Being the Tour de France race director must give Christian Prudhomme more than a few restless nights. In the small hours of a September morning weeks before the following year's route is announced to a clamouring crowd of riders, journalists and boulangerie proprietors - I imagine a panic-stricken Prudhomme coming to from a nightmare featuring the same old mountains and TT kilometres as the previous dozen editions. For a Tour de France to be heralded a success, a more eclectic set of stages is needed -France needs to be well and truly toured. As many stones as possible need to be turned. And for this year's route, the race director had a bona fide eureka moment.
OK, I'm not suggesting that the race director woke up one day screaming 'GRAVEL!' at the top of his lungs - but for the purposes of this feature, let's run with it - because as an explanation of one particular stage, it fits the parcours perfectly. Barely out of his pyjamas, then, and long before the boulangerie proprietors, half of the pro peloton and a cluster of journalists had the chance to enquire as to what on earth he was raving about, stage nine of this year's Tour had been signed, sealed and delivered.
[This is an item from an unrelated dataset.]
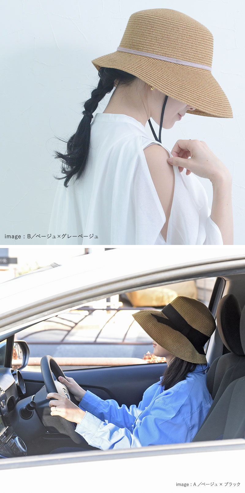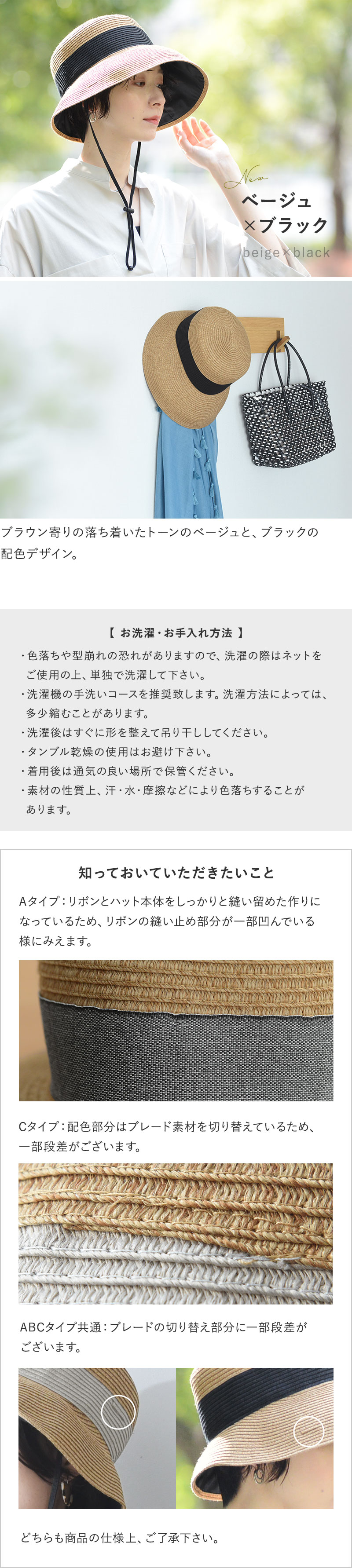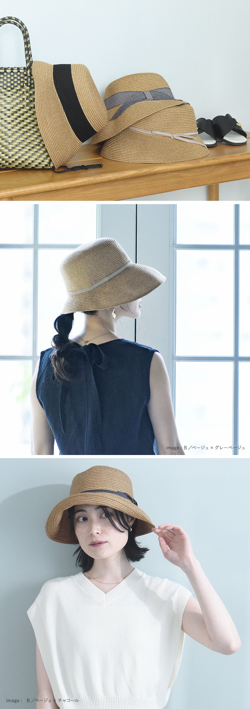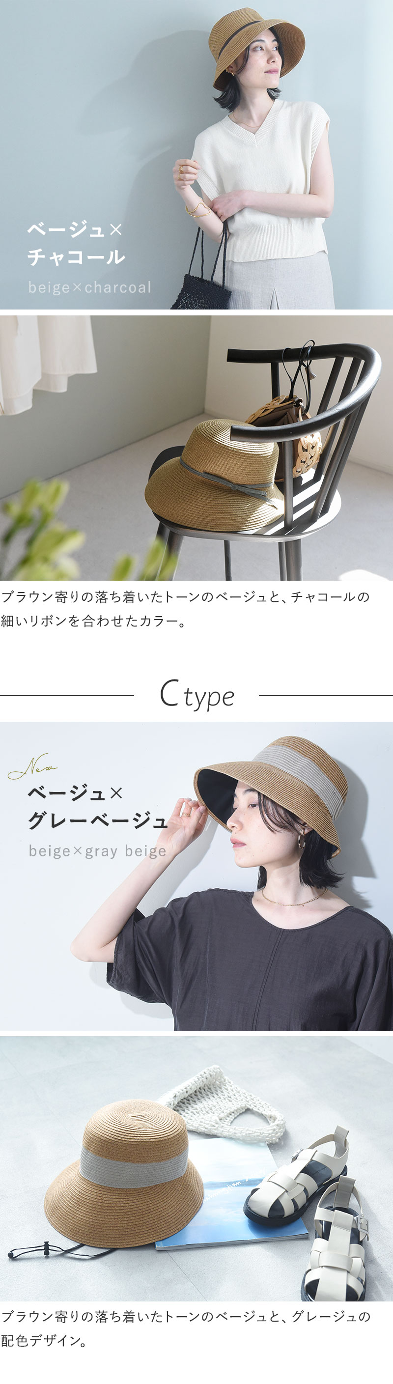 デザインはアシンメトリーシルエットで、リボンの太さが異なる2種類をご用意。さらに今年はツバ裏部分が遮光生地になった機能派タイプも登場しました。

Fast-forward to mid-May 2024 and our CW team - me, my brother James and photographer Richard - were en route to find out for ourselves just what wild vision entered Prudhomme's mind that fateful night.
GRAPPLING WITH GRAVEL
Our destination: the rolling Champagne region, where this year's stage nine, on 7 July, will start and finish in the town of Troyes. Conjured in a moment of genius, Prudhomme and the Tour's lead course designer, Thierry Gouvenou, inserted 14 gravel sectors covering 32km of the 199km stage. A brilliant move, unless you're Remco Evenepoel who was frankly disgusted with the idea of including the chemins blancs in the 2024 Tour.